En primer lugar, atiendan sobre todo a las fechas en las que se desarrollan cada uno de los episodios que completan este nuevo trabajo de Adrian Tomine. Solamente así se entenderán los problemas con su apellido, su inseguridad, sus torpezas absolutas. El genio nace, obviamente, pero la persona tras ese genio se hace, poco a poco, a fuego lento, como cualquier otro ser humano.
En segundo, habrá quien interprete algunos momentos de este “La soledad del dibujante” como un extenuante ejercicio de falsa modestia por parte de su creador, algo que me parecería un error. Soy más bien de la opinión de que Tomine rastrea a lo largo de su carrera de dibujante para dar con momentos que puedan tener chispa (o cierta chispa por lo menos) para ser contados en unas pocas páginas. Y es que, por mucho que la cultura de masas haya acabado convirtiendo a nuestros ojos a todo tipo de artistas en una suerte de estrellas, es totalmente cierto –y son legión los dibujantes de cómics que lo subrayan– que no hay faenas más solitarias y anodinas por tanto a la hora de contarlas que dibujar páginas y páginas sobre una mesa mal (o bien) iluminada, en un rincón de la casa y, en los casos más frenéticos, con algún niño o mascota pululando más cerca de lo recomendable del espacio de trabajo. Así que no culpen a Tomine por no tener una vida tan excitante como la de una estrella del rock en gira por países exóticos y en pleno subidón de drogas. Dicho esto, hay que ver lo mucho y bien que Tomine exprime esos momentos, esos pequeños y minúsculos conflictos a partir de los que se genera la acción de cada uno de estos capítulos o episodios.
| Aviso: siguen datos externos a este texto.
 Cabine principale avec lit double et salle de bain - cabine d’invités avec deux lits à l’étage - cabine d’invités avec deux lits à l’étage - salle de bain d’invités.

Usando páginas tramadas como si de un auténtico libro de notas o sketches se tratase, Tomine busca que veamos las páginas de “La soledad del dibujante” como un trabajo menos riguroso que sus predecesores. Le quita hierro al asunto. Algo similar a lo que ocurre con sus personajes, que se quedan más que nunca en lo esencial, en los rasgos principales, como si el autor intentase convencernos de que no se toma a si mismo demasiado en serio. Si a eso le sumamos los momentos incómodos, las meadas fuera de tiesto y otros despropósitos que protagoniza este Tomine casi hipocondríaco, queda claro que el estadounidense de ascendencia japonesa no quiere que le demos a “La soledad del dibujante” el mismo peso que a otras obras suyas. Pues bien, es evidente que le ha salido el tiro por la culata.
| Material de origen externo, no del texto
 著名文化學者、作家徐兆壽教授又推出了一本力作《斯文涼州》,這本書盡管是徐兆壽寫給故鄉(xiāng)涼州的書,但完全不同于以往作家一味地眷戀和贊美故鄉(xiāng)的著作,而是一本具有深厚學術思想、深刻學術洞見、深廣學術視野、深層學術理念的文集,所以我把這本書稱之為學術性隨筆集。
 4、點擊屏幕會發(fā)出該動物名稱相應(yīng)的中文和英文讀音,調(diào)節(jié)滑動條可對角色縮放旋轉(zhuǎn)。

“La soledad del dibujante” es un cómic casi tan bueno como todos los anteriores de Tomine y, además, es el más divertido y simpático que jamás haya firmado. Todo ello gracias a echarle un repaso a entrevistas de trabajo, visitas médicas, reuniones de amigos, ninguneos en ferias del cómic, firmas de álbumes francamente embarazosas, primeros escarceos con su ahora esposa, la paternidad, etcétera. Con las ciento sesenta y tantas páginas de “La soledad del dibujante” Tomine se revela en un hombre de carne y hueso frente a nuestros ojos, y vale, se lo compramos, pero lo ha hecho con tal soltura y tal talento que si su propósito era que dejásemos de tratarle como el gran artista que es, no ha cumplido ni en lo más mínimo su objetivo.